Other nearby lots have been redeveloped as a result of the light rail station opening on Capitol Hill. The Broadway Post Office, located adjacent to the south and west entrances, was demolished in 2016 for the construction of a 44-unit apartment building. An adjacent corner property, already home to a 14-unit apartment building, is planned to be replaced by a 50-unit building. The Bonney-Watson funeral home, located immediately south of the station, was sold for redevelopment in 2017.

==Services==

The station is served by the 1 Line and 2 Line, both part of the Link light rail system. Capitol Hill is situated between University of Washington and Westlake stations; it is the eighth southbound station from Lynnwood City Center, the northern terminus of both lines. Link light rail trains serve Capitol Hill station 20 hours a day on weekdays and Saturdays, from 5:00 a.m. to 12:00 a.m.; and 18 hours on Sundays, from 6:00 a.m. to 12:00 a.m. During regular weekday service, trains on each line operate roughly every eight minutes during rush hour, ten minutes during midday operation, and twelve to fifteen minutes in the early morning and at night. On weekends, trains on each line arrive at Capitol Hill station every ten minutes during midday hours and every twelve to fifteen minutes during mornings and evenings. The two lines combine for frequencies of four minutes during rush hour and five minutes during midday and weekend service. The station is approximately 29 minutes from Lynnwood City Center station, 30 minutes from Bellevue Downtown station, and 41 minutes from SeaTac/Airport station. In , an average of passengers boarded Link trains at Capitol Hill station on weekdays.

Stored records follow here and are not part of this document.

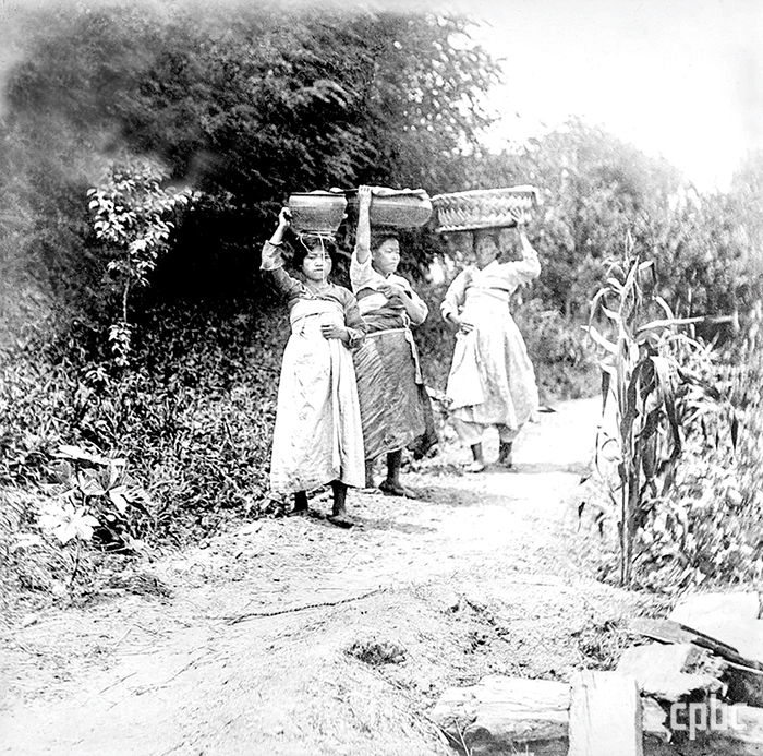 <사진 1> 노르베르트 베버, ‘머리에 짐을 인 여인들’, 유리건판, 1911, 국외소재문화유산재단, 독일 상트 오틸리엔 수도원 아카이브 소장 한국 사진.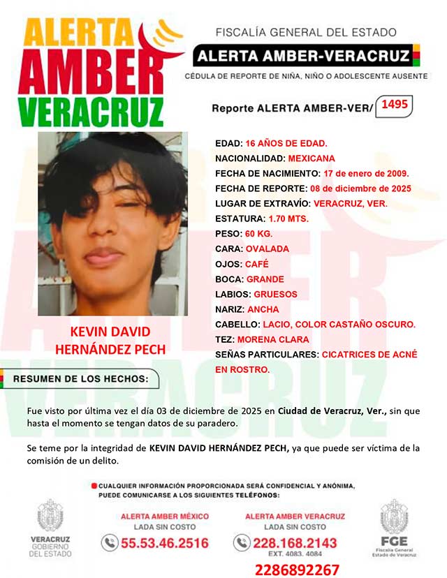El programa Alerta Amber Veracruz, agradece su colaboración e informa la activación de la ALERTA AMBER- VERACRUZ 1495 por el adolescente Kevin David Hernández Pech de 16 años de edad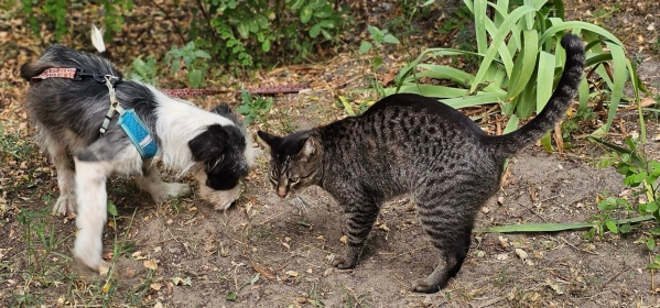 Mit Artgenossen kommt er gut aus und auch mit den Katzen.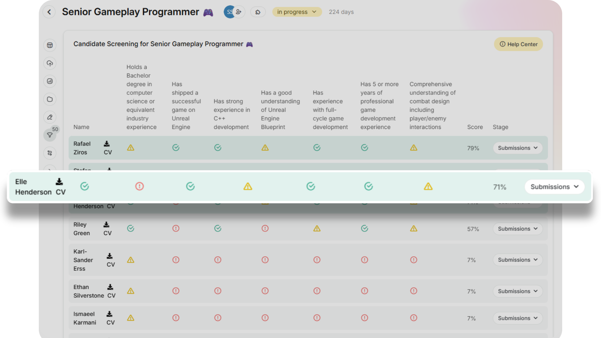 With the screener, your shortlist is ready in seconds but you remain in full control. The AI simply gives you the insights you need to make the final call.

Capitol Hill station is also served by bus and streetcar stops located near its three entrances. The First Hill Streetcar line terminates at Broadway and Denny Way, adjacent to the west entrance, and connects the neighborhood to First Hill, Little Saigon, Chinatown-International District, and Pioneer Square. King County Metro operates several bus routes that converge at Broadway and East John Street and connect to other areas of Seattle. These routes include service west towards Downtown Seattle and South Lake Union; east towards the Central District and Madison Park; south towards First Hill, Beacon Hill, the Rainier Valley, and West Seattle; and north towards the University District. On weekends during the spring, summer, and early autumn, a Trailhead Direct shuttle connects Capitol Hill station to North Bend and Mount Si, a popular hiking area.